The enormous spray of fireworks and rockets fills the night sky and at least three-fourths of the painting. I love this painting. It carries me back to fireworks I have seen.
Yet, somehow the magnitude and drama of this painting exemplifies sort of the supernova of fireworks displays for me. Viewing this painting, I have that awe and amazement of a child watching fireworks. Even this small online reproduction of the painting does that for me; I hope to one day see the original at the Detroit Institute of Art.
This painting is the one that received the vile review by John Ruskin. Unfortunately for Whistler, Ruskin was not a fan of the "Nocturne" series. He missed the point.
In a published review in 1878, John Ruskin stated that the gallery administrator "ought not to have admitted works into the gallery in which the ill-educated conceit of the artist so nearly approached the aspect of willful imposture“. He continued, "I have seen, and heard, much of cockney impudence before now; but never expected to hear a coxcomb ask two hundred guineas for flinging a pot of paint in the public’s face.”

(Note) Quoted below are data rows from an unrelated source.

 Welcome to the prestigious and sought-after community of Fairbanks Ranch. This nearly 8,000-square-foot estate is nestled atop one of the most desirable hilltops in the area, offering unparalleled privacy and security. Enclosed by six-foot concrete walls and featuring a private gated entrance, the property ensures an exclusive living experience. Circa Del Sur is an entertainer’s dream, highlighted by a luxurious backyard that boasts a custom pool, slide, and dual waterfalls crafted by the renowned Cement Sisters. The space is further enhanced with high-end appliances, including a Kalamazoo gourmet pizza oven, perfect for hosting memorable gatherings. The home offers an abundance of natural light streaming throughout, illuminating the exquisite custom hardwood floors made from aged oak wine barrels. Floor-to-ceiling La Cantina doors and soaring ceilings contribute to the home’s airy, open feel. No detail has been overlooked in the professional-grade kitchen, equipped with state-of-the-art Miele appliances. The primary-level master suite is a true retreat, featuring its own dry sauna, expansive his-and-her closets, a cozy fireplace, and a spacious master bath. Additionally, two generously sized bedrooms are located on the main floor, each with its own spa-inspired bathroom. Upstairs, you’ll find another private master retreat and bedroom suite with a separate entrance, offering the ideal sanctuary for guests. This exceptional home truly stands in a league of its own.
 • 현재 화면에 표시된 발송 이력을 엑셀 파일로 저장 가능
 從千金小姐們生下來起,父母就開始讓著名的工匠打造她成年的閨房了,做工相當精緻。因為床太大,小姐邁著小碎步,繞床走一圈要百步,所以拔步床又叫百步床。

I can feel the pain of that comment. And, Whistler did too. He not only felt aggrieved, but he felt slandered. Whistler filed a libel suit against Ruskin. It became a European and American buzz in the art world.

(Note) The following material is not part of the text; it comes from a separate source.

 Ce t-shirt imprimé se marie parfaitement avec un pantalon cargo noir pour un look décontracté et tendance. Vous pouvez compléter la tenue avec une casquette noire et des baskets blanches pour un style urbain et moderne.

The trial lasted only two days. During the trial, some of the basic questions of art itself were argued: What is art? What is art for? Who decides what is art? Who decides when a piece of art is finished?
Whistler won but it was a hollow, devastating victory. He was anticipating a significant payday in damages and had postponed paying creditors in anticipation of a positive outcome. The jury decided in his favor, but awarded him only a single farthing (about a penny) in damages. He had been skating on the brink of insolvency before the trial, and afterwards fell into bankruptcy. He had has to sell his home and all of his belongings, including the paintings he held in his own collection. He moved to Venice to re-create himself. And that is an entirely different story for another time. 🙂
Below is a caricature of Whistler featuring his monocle, walking stick, cigarette, and proudly displaying his unusual lock of white hair, on his slender fashionable profile.
This illustration of Whistler was published in Vanity Fair, 1878, the same year as the libel trial. It accompanied an article by an anonymous author defending Whistler. The writer said that the trial accused Whistler of not finishing his art, "but, 'finish' is a word that has been abused to convey the more apparent absence of a conventional amount of labour which he rejects… and replaces by his assurance that he has done the work when he has done with it." This discussion of when is a piece of art finished reminds me of Michelangelo who was also offended when people asked why he left his art unfinished. He said that the art is finished when I say it is finished, and Whistler agreed with that philosophy.
Thinking of mothers as we approach Mother's Day — His portrait of his mother, as you can see, is not so much a portrait of his mother, but a whole chapter on the birthing of modern abstract art.
Anna Matilda McNeill Whistler, the mother of James.
Circa 1850. Wikipedia. CC license. Unknown US photographer.
Now, a quote from James McNeill Whistler:
“Art should be independent of all clap-trap — should stand alone, and appeal to the artistic sense of eye or ear,”
James Whistler, The Gentle Art of Making Enemies.